*RECORDS TO PROCESS:*
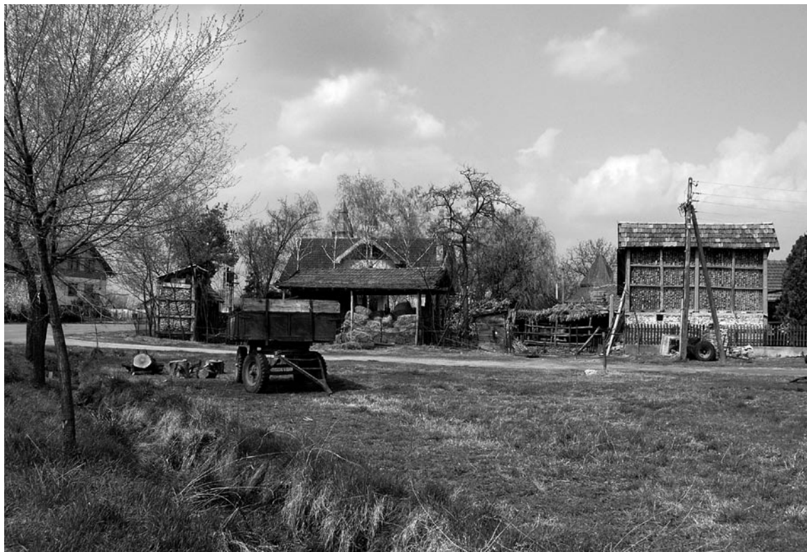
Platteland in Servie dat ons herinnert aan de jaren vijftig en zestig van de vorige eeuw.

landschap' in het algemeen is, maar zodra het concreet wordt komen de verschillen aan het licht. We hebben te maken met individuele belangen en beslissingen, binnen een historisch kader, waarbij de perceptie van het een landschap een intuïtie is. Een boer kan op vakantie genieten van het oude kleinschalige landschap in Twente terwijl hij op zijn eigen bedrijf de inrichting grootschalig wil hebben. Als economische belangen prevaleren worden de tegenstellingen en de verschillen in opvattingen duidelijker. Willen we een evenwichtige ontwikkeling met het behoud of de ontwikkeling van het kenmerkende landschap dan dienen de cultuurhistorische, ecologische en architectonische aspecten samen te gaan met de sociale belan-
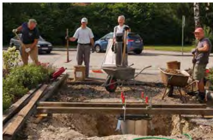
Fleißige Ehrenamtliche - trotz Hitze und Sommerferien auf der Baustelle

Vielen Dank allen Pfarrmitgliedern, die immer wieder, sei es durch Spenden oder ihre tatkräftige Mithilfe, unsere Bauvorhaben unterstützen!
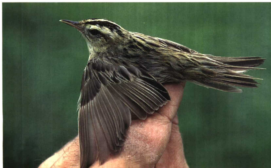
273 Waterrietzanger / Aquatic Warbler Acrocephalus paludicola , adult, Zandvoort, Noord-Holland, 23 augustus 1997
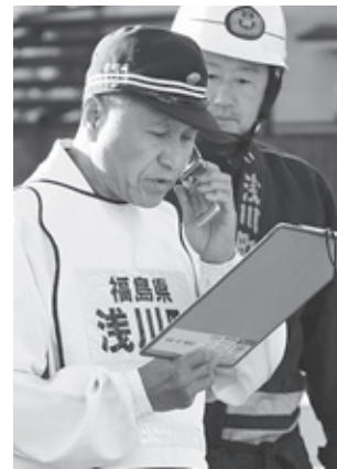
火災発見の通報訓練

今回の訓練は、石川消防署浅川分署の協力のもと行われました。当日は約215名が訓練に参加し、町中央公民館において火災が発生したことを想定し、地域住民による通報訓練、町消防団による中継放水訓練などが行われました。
...
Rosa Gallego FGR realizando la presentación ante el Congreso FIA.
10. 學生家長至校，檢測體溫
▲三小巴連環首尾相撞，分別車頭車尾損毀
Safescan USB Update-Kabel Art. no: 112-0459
* * *
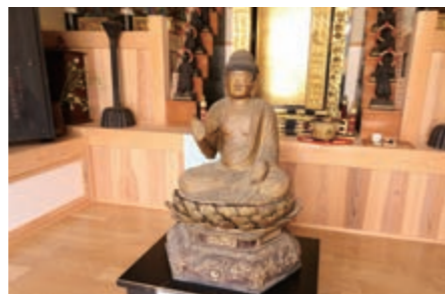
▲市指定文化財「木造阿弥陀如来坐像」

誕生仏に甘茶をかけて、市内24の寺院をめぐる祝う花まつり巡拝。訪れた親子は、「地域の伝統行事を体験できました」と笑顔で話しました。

*TASK BRIEF:* Your reply should hold nothing but the lines above, from the one containing "landschap' in het" to the one containing "今回の訓練は、石川消防署浅川", reproduced exactly minus the pictures.

*RESULT BELOW:*
landschap' in het algemeen is, maar zodra het concreet wordt komen de verschillen aan het licht. We hebben te maken met individuele belangen en beslissingen, binnen een historisch kader, waarbij de perceptie van het een landschap een intuïtie is. Een boer kan op vakantie genieten van het oude kleinschalige landschap in Twente terwijl hij op zijn eigen bedrijf de inrichting grootschalig wil hebben. Als economische belangen prevaleren worden de tegenstellingen en de verschillen in opvattingen duidelijker. Willen we een evenwichtige ontwikkeling met het behoud of de ontwikkeling van het kenmerkende landschap dan dienen de cultuurhistorische, ecologische en architectonische aspecten samen te gaan met de sociale belan-
Fleißige Ehrenamtliche - trotz Hitze und Sommerferien auf der Baustelle

Vielen Dank allen Pfarrmitgliedern, die immer wieder, sei es durch Spenden oder ihre tatkräftige Mithilfe, unsere Bauvorhaben unterstützen!
273 Waterrietzanger / Aquatic Warbler Acrocephalus paludicola , adult, Zandvoort, Noord-Holland, 23 augustus 1997
火災発見の通報訓練

今回の訓練は、石川消防署浅川分署の協力のもと行われました。当日は約215名が訓練に参加し、町中央公民館において火災が発生したことを想定し、地域住民による通報訓練、町消防団による中継放水訓練などが行われました。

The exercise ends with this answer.